Every day, Watch This offers staff recommendations inspired by a new movie coming out that week. This week: With the Super Bowl happening on Sunday, we’ve lined up a week of movies about football and its fans.
The Longest Yard (1974)
Legendary tough-guy director Robert Aldrich delivers a pigskin treatise on what it means to be a man with The Longest Yard, in which incomparable ’70s stud Burt Reynolds discovers that if you act dishonorably by caring only about yourself, you get what you deserve. Reynolds plays former star NFL quarterback Paul Crewe, who opens the film beating up his sugar-mama girlfriend, stealing her Maserati, leading the police on a high-speed car chase, and then punching out a cop. Having lost his career to a point-shaving scandal—and thus been decried as a whore for selling himself to the highest bidder—Crewe winds up in the big house. A sadistic warden (Eddie Albert) and his right-hand enforcer (Ed Lauter) first work hard to break him, and when those plans fail, they force him to organize an inmate football squad (dubbed “The Mean Machine”) that’ll play a game against the prison guards’ excellent “semi-pro” team.
Aldrich and screenwriter Tracy Keenan Wynn push Crewe through several tests of virtue, devising situations that force him to bridge racial divides for the sake of the team or reevaluate the life he’s lived as a stooge.

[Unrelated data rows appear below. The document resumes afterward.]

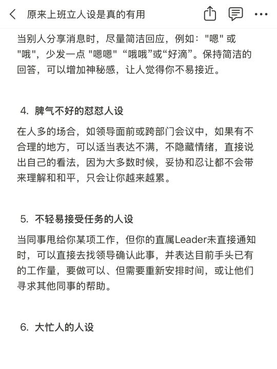 1️⃣做事靠谱但身体娇贵的脆皮人设 2️⃣早睡晚起养生的人设 3️⃣沉默寡言的人设 4️⃣脾气不好的怼怼人设 5️⃣不轻易接受任务的人设 6️⃣大忙人的人设 7️⃣家远通勤时间很长的人设 8️⃣家教严的人设 . 不仅是个职场博主,分享真实有效的信息;还会不断分享成长干货,帮助大家提升自我! .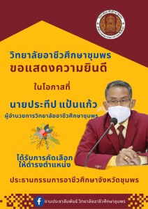 ผู้อำนวยการวิทยาลัยอาชีวศึกษาชุมพร ได้รับการคัดเลือกจากมติที่ประชุมคณะกรรมการอาชีวศึกษาจังหวัดชุมพร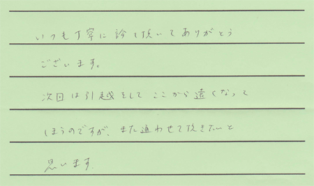 いつも丁寧に診て頂いてありがとうございます。次回は引越をしてここから遠くなってしまうのですが、また通わせて頂きたいと思います。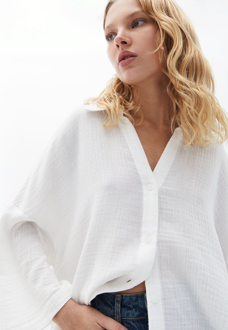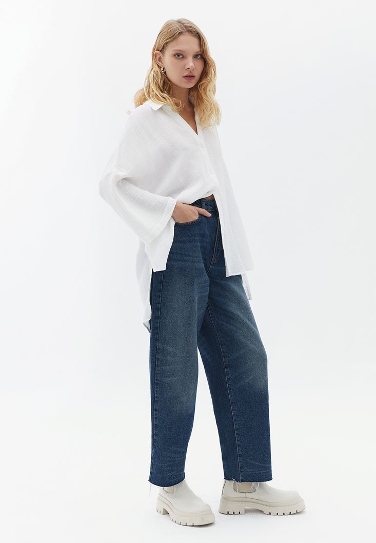 %100 pamuklu doğal doku, bedenden uzak oversize fit, yarım kollu, düğme kapamalı, önü kısa arkası uzun asimetrik kesim.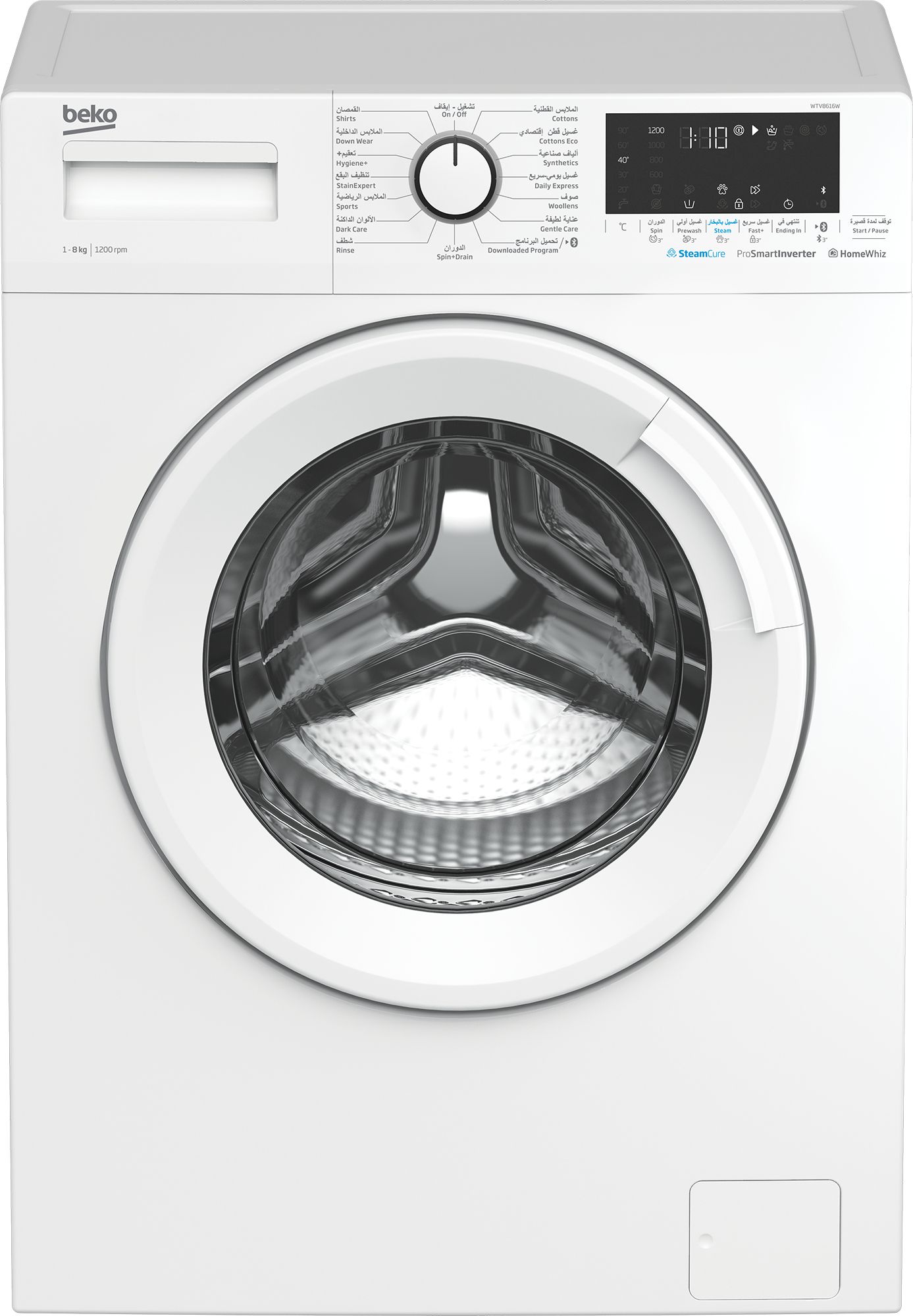 Beko-technologieën (kledingzorg): AquaWave,DrumClean,OptiSense,ProSmart™ Inverter Motor,StainExpert,SteamTherapy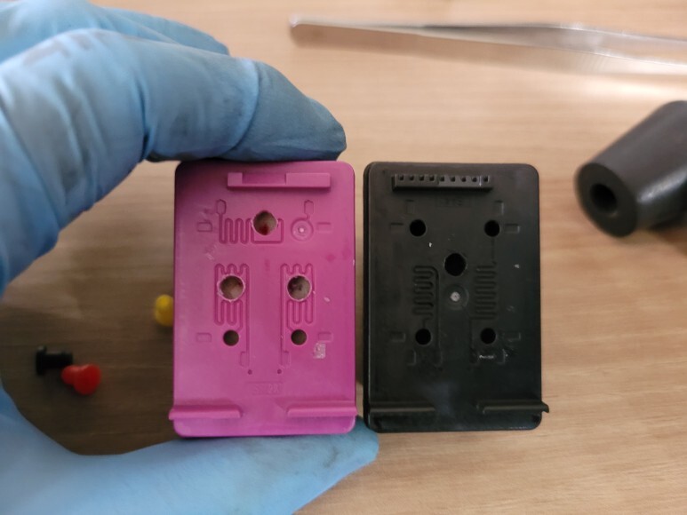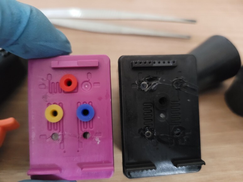 삼성 SL-1770FW 팩스복합기 카트리지 홀을 내고 고무 패킹을 삽입, 불필요 홀은 모두 단단히 막았습니다.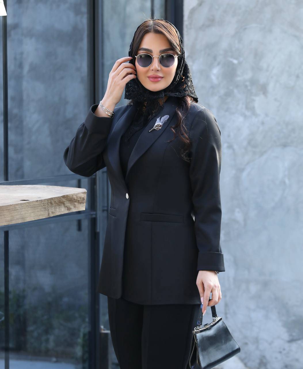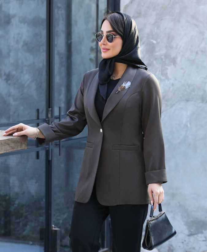 🧥مدل: کت تک یقه آرشال با گل سینه ی پر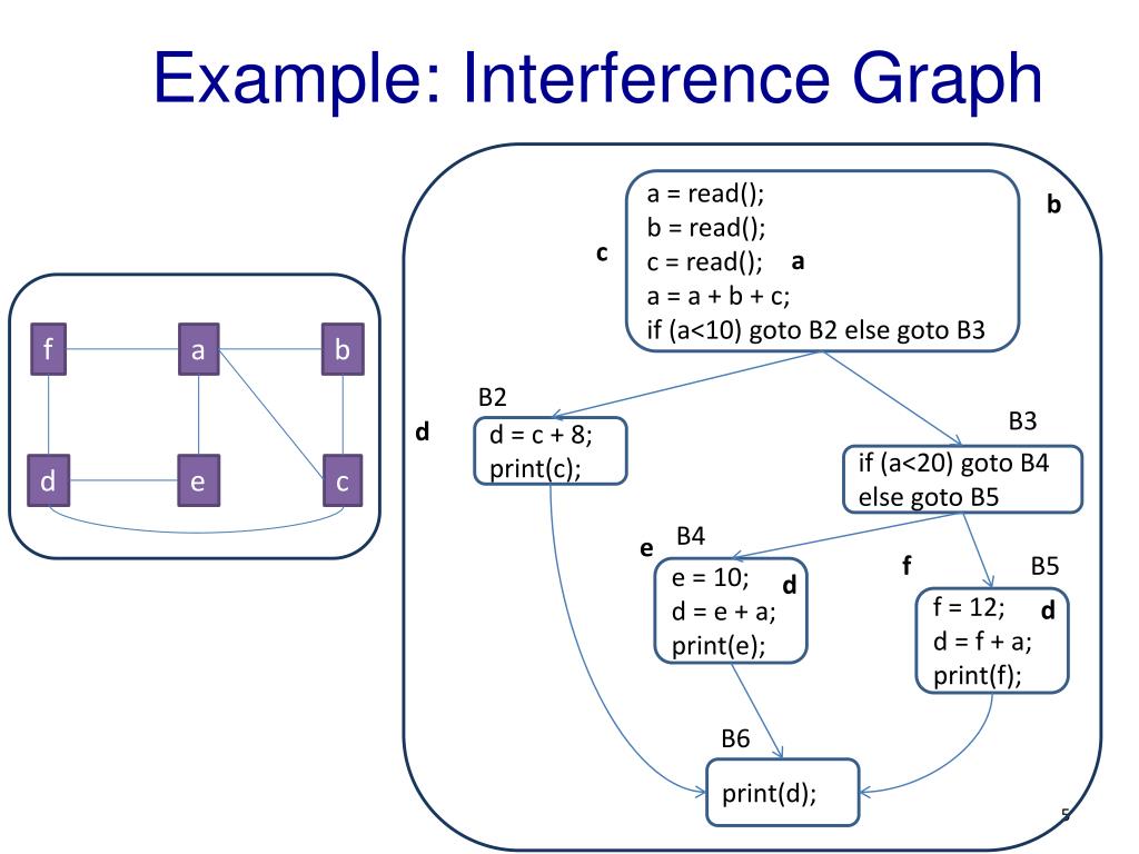 Example: Interference Graph a = read(); b = read(); c = read(); a = a + b + c; if (a<10) goto B2 else goto B3 b a c f a b B2 B3 d d = c + 8; print(c); if (a<20) goto B4 else goto B5 d e c B4 e f B5 e = 10; d = e + a; print(e); d d f = 12; d = f + a;print(f); B6 print(d);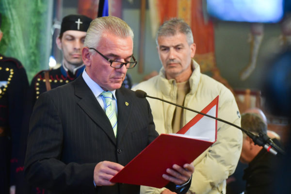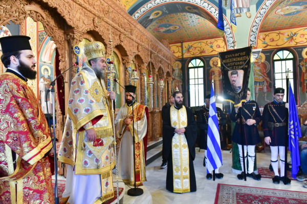 Προ της απολύσεως της θ. Μυσταγωγίας, τελέσθηκε η επίσημος Δοξολογία, στο τέλος της οποίας, ομίλησε για το νόημα της μεγάλης, διπλής εορτής, ο Αντιπρόεδρος της Ενώσεως Αποστράτων Αξιωματικών Στρατού Ν. Σερρών, Τχηςε.α., κ. Ελ. Καραγιαννίδης.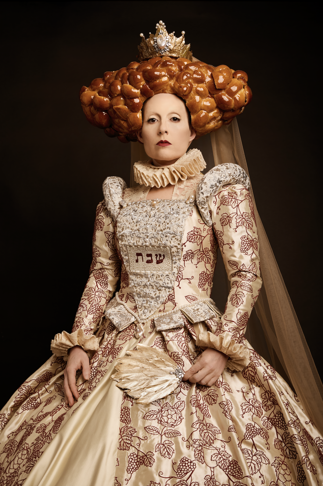 For Sabbath Queen, Durchslag employs Queen Elizabeth I of England’s aesthetics to depict Judaism’s most famous female monarch - the invisible, holy entity whose weekly Sabbath visits every Friday begin the holiday. In Durchslag’s interpretation, this figure embodies conservative Jewish political power, Zionism, and empire. She's a haughty, superior, judgmental, and lethally confident sovereign.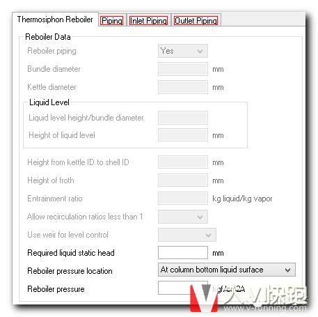 (1) Reboiler piping – 再沸器配管,对于虹吸式再沸器,默认为Yes,即需要输入配管信息来计算静压头和安装高度。对于釜式再沸器、降膜蒸发器则默认不需要,当然可以Yes来输入。文章源自云智设计-https://www.cidrg.com/cid-college/tutorial/htri/1740.html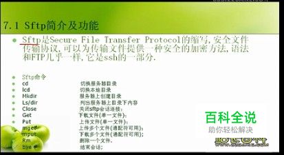 实际操作中的命令是什么,在视频中都有介绍了,用户可以根据视频中的命令,更好的使用Sftp命令。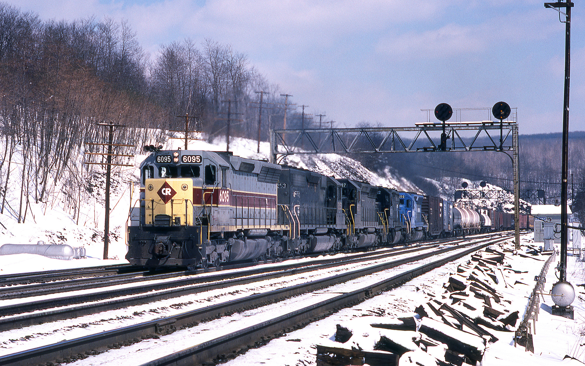 Patched SD45 No. 6095 leads a westbound manifest upgrade through Benny Interlocking at Bennington, PA on 3/18/78.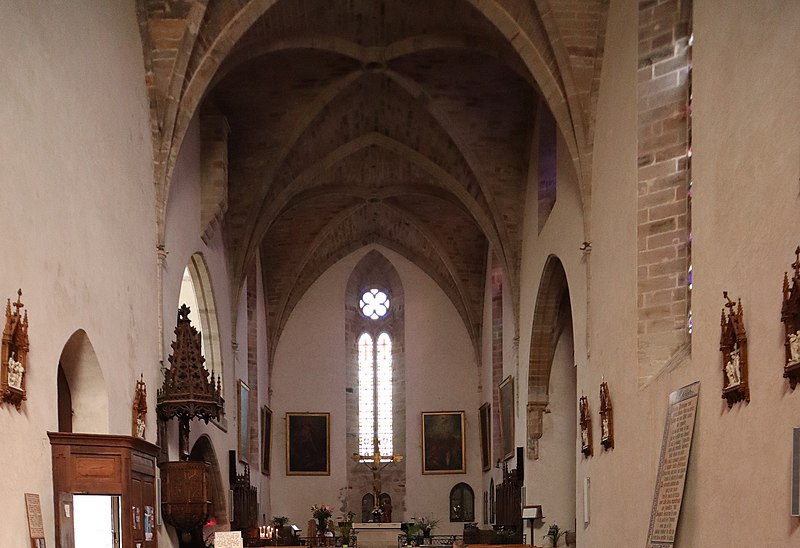 L'église Saint-Jean de Najac est une église catholique située sur la commune de Najac, dans le département de l'Aveyron en région Occitanie. Après la défaite du comte de Toulouse, Najac fut donné à Alphonse de Poitiers. Face à une tentative de révolte des habitants, le nouveau seigneur prit des précautions et confia à un architecte du domaine royal la mission de renouveler et de renforcer les défenses du château, vers 1253. La construction de l'église est contemporaine de celle du château, ce qui laisse supposer que le même architecte en fut responsable. L'édifice présente une nef à chevet plat et deux chapelles qui forment les bras d'un transept peu saillant. La chapelle nord est interrompue par une tribune, au-dessus de laquelle se dresse le clocher, hexagonal en plan ; à chaque angle du tambour une colonnette descend jusqu'à la corniche et se prolonge sur les arêtes. L'église est classée au titre des monuments historiques le 14 juin 1924. Des notices et ressources sur l'édifice figurent dans les bases Mérimée, PSS et Structurae ainsi que sur les sites Clochers de France, l'Observatoire du patrimoine religieux et les portails consacrés aux monuments historiques, à l'Aveyron et à l'architecture chrétienne.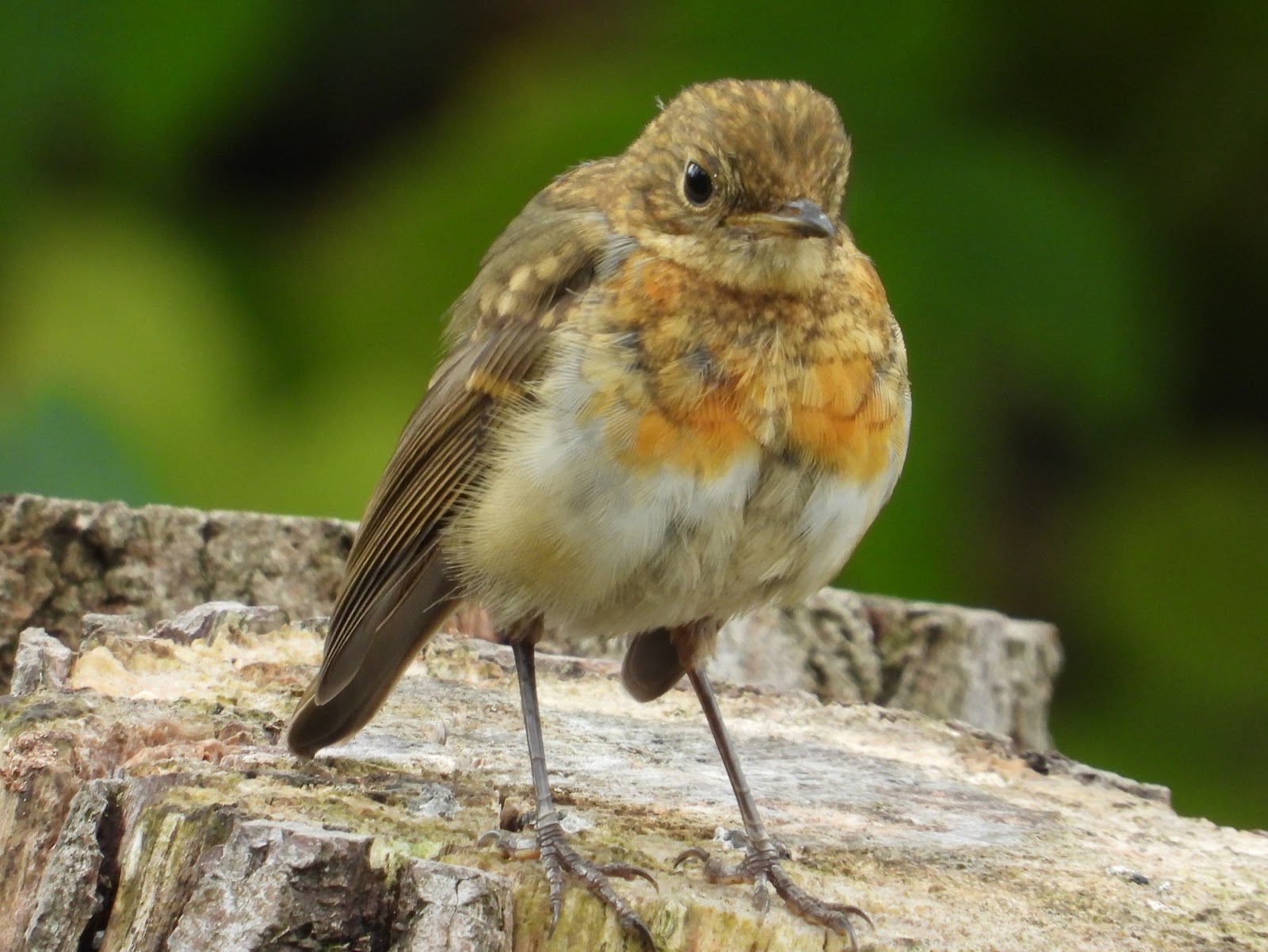 Rouge gorge juvénile : la zone où se constituera le jabot orange apparaît déjà.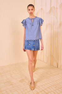Crafted from water-washed cotton, the Effie Top is an easy summer layer, elevated with tonal geometric embroidery and tulle appliques that subtly reveal. This light blue top is framed by fluttering short sleeves and has a loose fit that easily tucks into your favorite separates. It pulls over and has front neckties that can be fastened or left undone. Composition: 100% Cotton Size & Fit - Model Height: 5'10"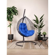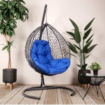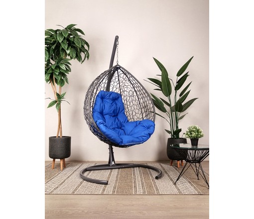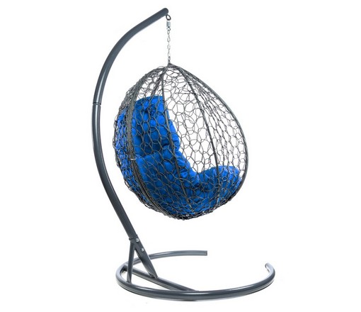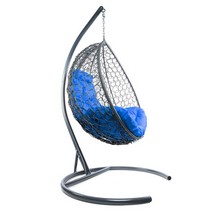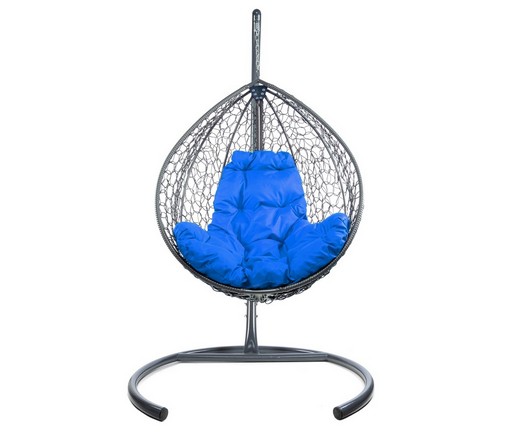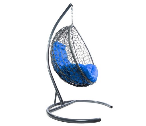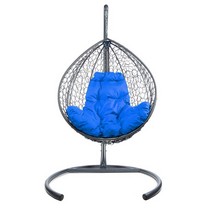 Подвесное кресло Кокон Капля складной ротанг (серый/синий)

That last trial comes in the climactic game: Crewe is again given the choice between looking out for his own hide by making a deal with the devil, or sacrificing his own interests in favor of honorably siding with his comrades. Aldrich stages the final game with impressive brutality and realism, but The Longest Yard is Reynolds’ show. It provides a near-flawless vehicle for the actor’s don’t-tread-on-me manliness and—whether he’s joking with the boys or casually wooing Bernadette Peters’ beehived secretary with an offhand, “Did you ever do it standing up?”—his devil-may-care macho charm.
Availability: The Longest Yard is available on DVD, and is streaming on Netflix.